Here is my code, can someone please help, for some reason the spider runs but does not actually crawl the forum threads. I am trying to extract all the text in the forum threads for the specific forum in my start url.
from scrapy.spider import BaseSpider
from scrapy.contrib.spiders import CrawlSpider, Rule
from scrapy.contrib.linkextractors.sgml import SgmlLinkExtractor
from scrapy.selector import HtmlXPathSelector
from xbox.items import xboxItem
from scrapy.item import Item
from scrapy.conf import settings
class xboxSpider(CrawlSpider):
name = "xbox"
allowed_domains = ["forums.xbox.com"]
start_urls= [
"http://forums.xbox.com/xbox_forums/xbox_360_games/e_k/gearsofwar3/default.aspx",
]
rules= [
Rule(SgmlLinkExtractor(allow=['/t/\d+']),callback='parse_thread'),
Rule(SgmlLinkExtractor(allow=('/t/new\?new_start=\d+',)))
]
def parse_thread(self, response):
hxs=HtmlXPathSelector(response)
item=xboxItem()
item['content']=hxs.selec("//div[@class='post-content user-defined-markup']/p/text()").extract()
item['date']=hxs.select("//span[@class='value']/text()").extract()
return item
Log output:
2013-03-13 11:22:18-0400 [scrapy] DEBUG: Enabled item pipelines:
2013-03-13 11:22:18-0400 [xbox] INFO: Spider opened
2013-03-13 11:22:18-0400 [xbox] INFO: Crawled 0 pages (at 0 pages/min), scraped 0 items (at 0 items/min)

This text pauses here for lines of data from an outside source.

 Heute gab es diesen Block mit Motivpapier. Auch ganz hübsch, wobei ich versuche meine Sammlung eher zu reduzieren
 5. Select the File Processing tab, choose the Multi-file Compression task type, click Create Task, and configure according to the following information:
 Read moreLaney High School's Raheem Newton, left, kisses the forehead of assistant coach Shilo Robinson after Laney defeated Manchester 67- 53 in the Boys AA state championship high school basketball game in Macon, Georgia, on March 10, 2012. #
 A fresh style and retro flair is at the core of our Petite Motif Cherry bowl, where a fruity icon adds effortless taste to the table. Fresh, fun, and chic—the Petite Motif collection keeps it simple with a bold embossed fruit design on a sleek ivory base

2013-03-13 11:22:18-0400 [scrapy] DEBUG: Telnet console listening on 0.0.0.0:6023
2013-03-13 11:22:18-0400 [scrapy] DEBUG: Web service listening on 0.0.0.0:6080
2013-03-13 11:22:20-0400 [xbox] DEBUG: Crawled (200) <GET forums.xbox.com/xbox_forums/xbox_360_games/e_k/gearsofwar3/f/…; (referer: None)

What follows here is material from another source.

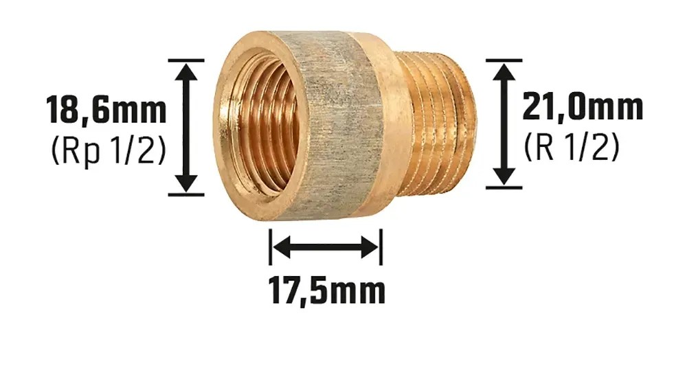 Csaphosszabbító 18,6 mm (Rp 1/2) x 21 mm (R 1/2) vörösöntvény 17,5 mm 10 darab

2013-03-13 11:22:20-0400 [xbox] DEBUG: Filtered offsite request to 'forums.xbox.com': <GET forums.xbox.com/xbox_forums/xbox_360_games/e_k/gearsofwar3/f/…;
2013-03-13 11:22:20-0400 [xbox] INFO: Closing spider (finished)
2013-03-13 11:22:20-0400 [xbox] INFO: Dumping spider stats
As a first tweak, you need to modify your first rule by putting a "." at the start of the regex, as follows. I also changed the start url to the actual first page of the forum.
start_urls= [
"http://forums.xbox.com/xbox_forums/xbox_360_games/e_k/gearsofwar3/f/310.aspx",
]
rules = (
Rule(SgmlLinkExtractor(allow=('./t/\d+')), callback="parse_thread", follow=True),
Rule(SgmlLinkExtractor(allow=('./310.aspx?PageIndex=\d+')), ),
)
I've updated the rules so that the spider now crawls all of the pages in the thread.
EDIT: I've found a typo that may be causing an issue, and I've fixed the date xpath.
item['content']=hxs.selec("//div[@class='post-content user-defined-markup']/p/text()").extract()
item['date']=hxs.select("(//div[@class='post-author'])[1]//a[@class='internal-link view-post']/text()").extract()
The line above says "hxs.selec" and should be "hxs.select". I changed that and could now see content being scraped. Through trial and error (I'm a bit rubbish with xpaths), I've managed to get the date of the first post (ie the date the thread was created) so this should all work now.